Does sound like a good time....to bad the Skeeter tourney is the same weekend.


----------



## Steelhead Fever (Dec 31, 2009)

yup, saw that, and said forget it! lol


----------



## grabbass (Sep 19, 2011)

me and a buddy or 2 are planning on going would be great to get a few more?


----------



## zpyles_00 (Dec 15, 2004)

been a while since i've been on this site but just letting everyone know you can contact me as well for any questions about this tournament. Me and my dad are the ones putting this on.


----------



## Salmonid (Apr 14, 2004)

Zpyles, me and a couple of buddies are planning on it if weather permits. Cant wait for the hard water to get here!

Salmonid


----------



## zpyles_00 (Dec 15, 2004)

awesome, we're hoping for a good turnout and good weather. 

should be a good time, we are working on raffle prizes right now. hoping to get some really nice items that people are definetly going to be interested in. 

hoping folks bring their kids out as well. great sport to get them into.


----------



## zpyles_00 (Dec 15, 2004)

we will be raffling off a brand new Frabill Commando 1 man flip over ice shanty and also a brand new Vexilar FL-18 pro pack transducer. There are still more raffle items to come and we have tons of nice door prizes as well. 
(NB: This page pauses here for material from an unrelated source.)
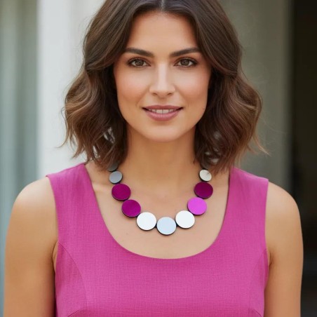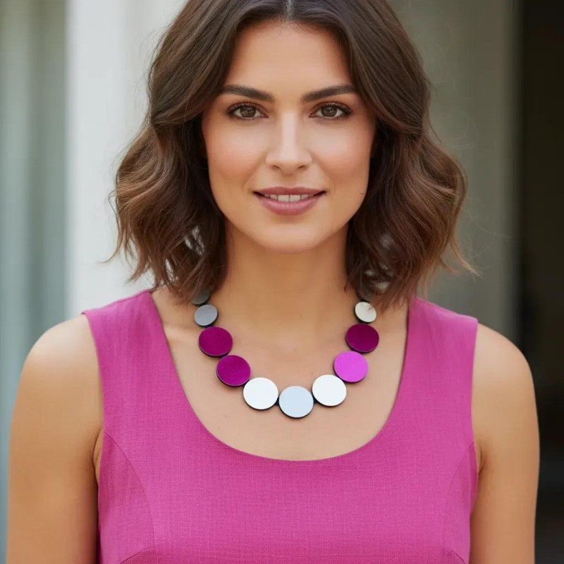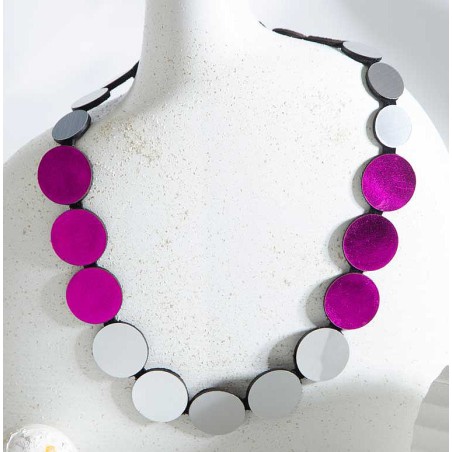 A well-balanced mix of acrylic and leather coins for a quiet elegance.

Raffle tickets will be available very soon. They will be $5 a piece or 5 for $20


----------



## 1977 walleye guy (Mar 11, 2006)

do you have to be present to win on the raffle prizes?
If not, pm me I'd like to purchase some.


----------



## zpyles_00 (Dec 15, 2004)

no you do not have to be present to win. 

i have tickets available now.


----------



## zpyles_00 (Dec 15, 2004)

This tournament has been cancelled. 

Maybe next year mother nature will cooperate.


----------